Source information »

========================================================================

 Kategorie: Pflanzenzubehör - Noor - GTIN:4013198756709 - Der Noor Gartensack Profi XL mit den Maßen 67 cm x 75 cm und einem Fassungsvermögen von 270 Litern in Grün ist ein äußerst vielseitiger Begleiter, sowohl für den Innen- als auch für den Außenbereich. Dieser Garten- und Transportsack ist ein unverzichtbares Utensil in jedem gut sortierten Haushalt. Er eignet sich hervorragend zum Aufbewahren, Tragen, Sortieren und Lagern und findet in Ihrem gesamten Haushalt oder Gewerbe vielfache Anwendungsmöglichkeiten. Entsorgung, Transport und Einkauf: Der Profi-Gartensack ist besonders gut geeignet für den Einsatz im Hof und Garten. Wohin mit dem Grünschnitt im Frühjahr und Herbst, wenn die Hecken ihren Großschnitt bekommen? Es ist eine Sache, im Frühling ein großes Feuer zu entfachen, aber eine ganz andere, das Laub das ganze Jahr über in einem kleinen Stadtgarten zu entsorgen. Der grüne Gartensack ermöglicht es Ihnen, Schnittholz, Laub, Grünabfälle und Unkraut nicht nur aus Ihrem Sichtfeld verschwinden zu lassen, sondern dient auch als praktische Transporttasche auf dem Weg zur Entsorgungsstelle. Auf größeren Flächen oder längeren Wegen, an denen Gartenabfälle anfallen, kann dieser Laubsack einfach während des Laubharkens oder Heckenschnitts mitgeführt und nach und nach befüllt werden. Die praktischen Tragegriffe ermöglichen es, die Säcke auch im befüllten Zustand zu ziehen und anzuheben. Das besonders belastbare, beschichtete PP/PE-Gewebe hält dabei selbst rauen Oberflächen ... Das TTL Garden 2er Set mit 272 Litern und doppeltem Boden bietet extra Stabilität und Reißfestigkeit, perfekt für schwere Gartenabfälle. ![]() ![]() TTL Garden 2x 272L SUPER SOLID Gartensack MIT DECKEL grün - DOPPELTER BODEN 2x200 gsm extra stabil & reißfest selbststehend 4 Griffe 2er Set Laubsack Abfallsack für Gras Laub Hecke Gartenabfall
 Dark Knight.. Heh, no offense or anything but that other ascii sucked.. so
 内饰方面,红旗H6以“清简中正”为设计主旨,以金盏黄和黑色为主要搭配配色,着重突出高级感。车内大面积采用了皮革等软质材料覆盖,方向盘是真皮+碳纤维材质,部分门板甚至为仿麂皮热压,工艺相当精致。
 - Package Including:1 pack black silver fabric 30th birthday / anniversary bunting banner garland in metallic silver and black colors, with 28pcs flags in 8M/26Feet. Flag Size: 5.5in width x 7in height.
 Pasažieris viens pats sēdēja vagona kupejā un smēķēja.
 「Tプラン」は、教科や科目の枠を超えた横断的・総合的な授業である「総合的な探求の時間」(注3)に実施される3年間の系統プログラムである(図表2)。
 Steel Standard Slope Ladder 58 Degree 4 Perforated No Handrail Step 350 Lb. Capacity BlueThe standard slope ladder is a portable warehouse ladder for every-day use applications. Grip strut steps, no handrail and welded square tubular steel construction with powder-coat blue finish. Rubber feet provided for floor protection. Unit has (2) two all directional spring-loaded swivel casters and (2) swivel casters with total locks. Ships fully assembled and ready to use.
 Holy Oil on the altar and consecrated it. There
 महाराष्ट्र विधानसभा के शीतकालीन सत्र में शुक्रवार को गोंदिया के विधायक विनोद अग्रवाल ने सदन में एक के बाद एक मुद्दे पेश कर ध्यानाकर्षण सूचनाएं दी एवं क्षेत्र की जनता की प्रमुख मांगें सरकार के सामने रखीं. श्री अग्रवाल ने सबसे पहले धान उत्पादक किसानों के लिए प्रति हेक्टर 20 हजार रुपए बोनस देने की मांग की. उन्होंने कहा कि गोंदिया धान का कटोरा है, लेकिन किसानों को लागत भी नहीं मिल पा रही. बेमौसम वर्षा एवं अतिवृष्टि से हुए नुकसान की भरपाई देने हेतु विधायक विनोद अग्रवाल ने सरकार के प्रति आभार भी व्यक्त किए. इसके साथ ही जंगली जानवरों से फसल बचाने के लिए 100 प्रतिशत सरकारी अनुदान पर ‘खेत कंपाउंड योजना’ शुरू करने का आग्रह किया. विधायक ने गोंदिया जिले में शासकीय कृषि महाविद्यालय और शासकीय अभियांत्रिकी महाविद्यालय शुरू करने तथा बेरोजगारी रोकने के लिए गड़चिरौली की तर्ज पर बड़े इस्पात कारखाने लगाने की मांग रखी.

========================================================================

Problem to work on »
Would you write out all of the data exactly as given?

Response to this task »
 Kategorie: Pflanzenzubehör - Noor - GTIN:4013198756709 - Der Noor Gartensack Profi XL mit den Maßen 67 cm x 75 cm und einem Fassungsvermögen von 270 Litern in Grün ist ein äußerst vielseitiger Begleiter, sowohl für den Innen- als auch für den Außenbereich. Dieser Garten- und Transportsack ist ein unverzichtbares Utensil in jedem gut sortierten Haushalt. Er eignet sich hervorragend zum Aufbewahren, Tragen, Sortieren und Lagern und findet in Ihrem gesamten Haushalt oder Gewerbe vielfache Anwendungsmöglichkeiten. Entsorgung, Transport und Einkauf: Der Profi-Gartensack ist besonders gut geeignet für den Einsatz im Hof und Garten. Wohin mit dem Grünschnitt im Frühjahr und Herbst, wenn die Hecken ihren Großschnitt bekommen? Es ist eine Sache, im Frühling ein großes Feuer zu entfachen, aber eine ganz andere, das Laub das ganze Jahr über in einem kleinen Stadtgarten zu entsorgen. Der grüne Gartensack ermöglicht es Ihnen, Schnittholz, Laub, Grünabfälle und Unkraut nicht nur aus Ihrem Sichtfeld verschwinden zu lassen, sondern dient auch als praktische Transporttasche auf dem Weg zur Entsorgungsstelle. Auf größeren Flächen oder längeren Wegen, an denen Gartenabfälle anfallen, kann dieser Laubsack einfach während des Laubharkens oder Heckenschnitts mitgeführt und nach und nach befüllt werden. Die praktischen Tragegriffe ermöglichen es, die Säcke auch im befüllten Zustand zu ziehen und anzuheben. Das besonders belastbare, beschichtete PP/PE-Gewebe hält dabei selbst rauen Oberflächen ... Das TTL Garden 2er Set mit 272 Litern und doppeltem Boden bietet extra Stabilität und Reißfestigkeit, perfekt für schwere Gartenabfälle. ![]() ![]() TTL Garden 2x 272L SUPER SOLID Gartensack MIT DECKEL grün - DOPPELTER BODEN 2x200 gsm extra stabil & reißfest selbststehend 4 Griffe 2er Set Laubsack Abfallsack für Gras Laub Hecke Gartenabfall
 Dark Knight.. Heh, no offense or anything but that other ascii sucked.. so
 内饰方面,红旗H6以“清简中正”为设计主旨,以金盏黄和黑色为主要搭配配色,着重突出高级感。车内大面积采用了皮革等软质材料覆盖,方向盘是真皮+碳纤维材质,部分门板甚至为仿麂皮热压,工艺相当精致。
 - Package Including:1 pack black silver fabric 30th birthday / anniversary bunting banner garland in metallic silver and black colors, with 28pcs flags in 8M/26Feet. Flag Size: 5.5in width x 7in height.
 Pasažieris viens pats sēdēja vagona kupejā un smēķēja.
 「Tプラン」は、教科や科目の枠を超えた横断的・総合的な授業である「総合的な探求の時間」(注3)に実施される3年間の系統プログラムである(図表2)。
 Steel Standard Slope Ladder 58 Degree 4 Perforated No Handrail Step 350 Lb. Capacity BlueThe standard slope ladder is a portable warehouse ladder for every-day use applications. Grip strut steps, no handrail and welded square tubular steel construction with powder-coat blue finish. Rubber feet provided for floor protection. Unit has (2) two all directional spring-loaded swivel casters and (2) swivel casters with total locks. Ships fully assembled and ready to use.
 Holy Oil on the altar and consecrated it. There
 महाराष्ट्र विधानसभा के शीतकालीन सत्र में शुक्रवार को गोंदिया के विधायक विनोद अग्रवाल ने सदन में एक के बाद एक मुद्दे पेश कर ध्यानाकर्षण सूचनाएं दी एवं क्षेत्र की जनता की प्रमुख मांगें सरकार के सामने रखीं. श्री अग्रवाल ने सबसे पहले धान उत्पादक किसानों के लिए प्रति हेक्टर 20 हजार रुपए बोनस देने की मांग की. उन्होंने कहा कि गोंदिया धान का कटोरा है, लेकिन किसानों को लागत भी नहीं मिल पा रही. बेमौसम वर्षा एवं अतिवृष्टि से हुए नुकसान की भरपाई देने हेतु विधायक विनोद अग्रवाल ने सरकार के प्रति आभार भी व्यक्त किए. इसके साथ ही जंगली जानवरों से फसल बचाने के लिए 100 प्रतिशत सरकारी अनुदान पर ‘खेत कंपाउंड योजना’ शुरू करने का आग्रह किया. विधायक ने गोंदिया जिले में शासकीय कृषि महाविद्यालय और शासकीय अभियांत्रिकी महाविद्यालय शुरू करने तथा बेरोजगारी रोकने के लिए गड़चिरौली की तर्ज पर बड़े इस्पात कारखाने लगाने की मांग रखी.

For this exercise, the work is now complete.